The investigation was focused on more than 27,000 heart attack patients with an average age of 63. Overall, 13,000 of these heart attacks, which occurred between 1987 and 2014, were fatal.

The researchers compared individual heart attacks to meteorological data on the day of the event, while accounting for other risk factors as well. In addition, the team compared data from 1987 to 2000 with data from 2001 to 2014.

“In this latest study, we wanted to see to what extent the heat and cold-related heart attack risk has changed over the years,” said co-author Dr. Kai Chen. “Over a period of 28 years, we found that there has been an increase in heat-induced heart attack risk in recent years.”

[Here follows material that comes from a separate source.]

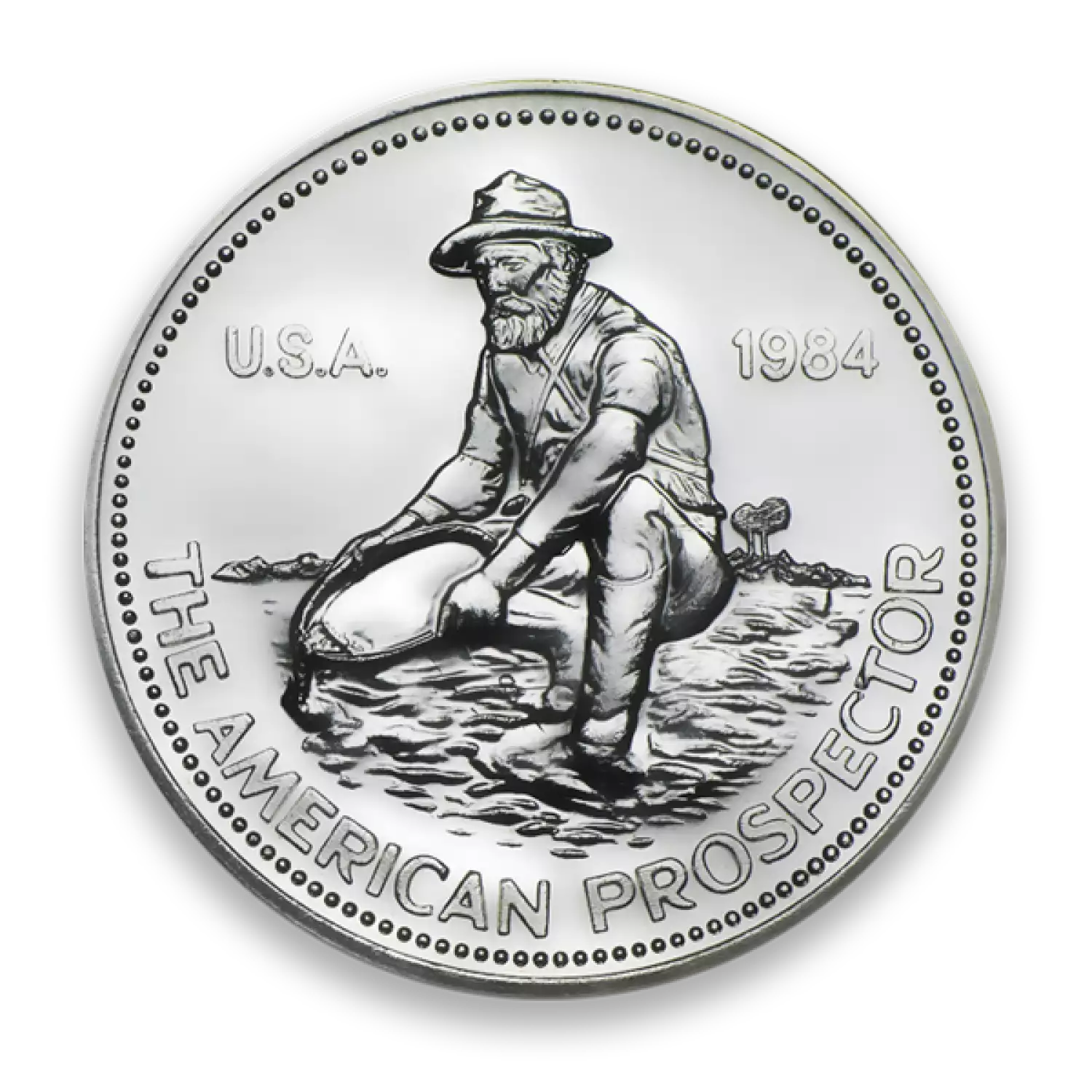 The 1oz Engelhard Silver Prospector round is probably the most famous silver round design in the world. Fractional prospector silver rounds were only released in 1985 and are not as common as the 1oz silver round. These stunning silver rounds add a sense of historical value and collectibility. The obverse of the silver round features a prospector panning for Gold, the words "U.S.A.", the year of issue, and "The American Prospector." The reverse of the silver round shows an American eagle along with the weight and purity of the round.

The study revealed that individuals with diabetes or hyperlipidaemia were particularly at risk during the later time frame. The researchers said that this is partially a result of global warming, but that it is also a consequence of an increase in these risk factors themselves, which cause people to become more susceptible to heat.

“Our study suggests that greater consideration should be given to high temperatures as a potential trigger for heart attacks – especially in view of climate change,” said study lead author Dr. Alexandra Schneider. “Extreme weather events, like the 2018 heat waves in Europe, could in future result in an increase in cardiovascular disease. At the same time, there is likely to be a decrease in cold-related heart attacks here in Germany.”

“Our analysis suggests a lower risk in the future, but this lower risk was not significant and very cold days will continue to represent a potential trigger for heart attacks.”

The study is published in the European Heart Journal.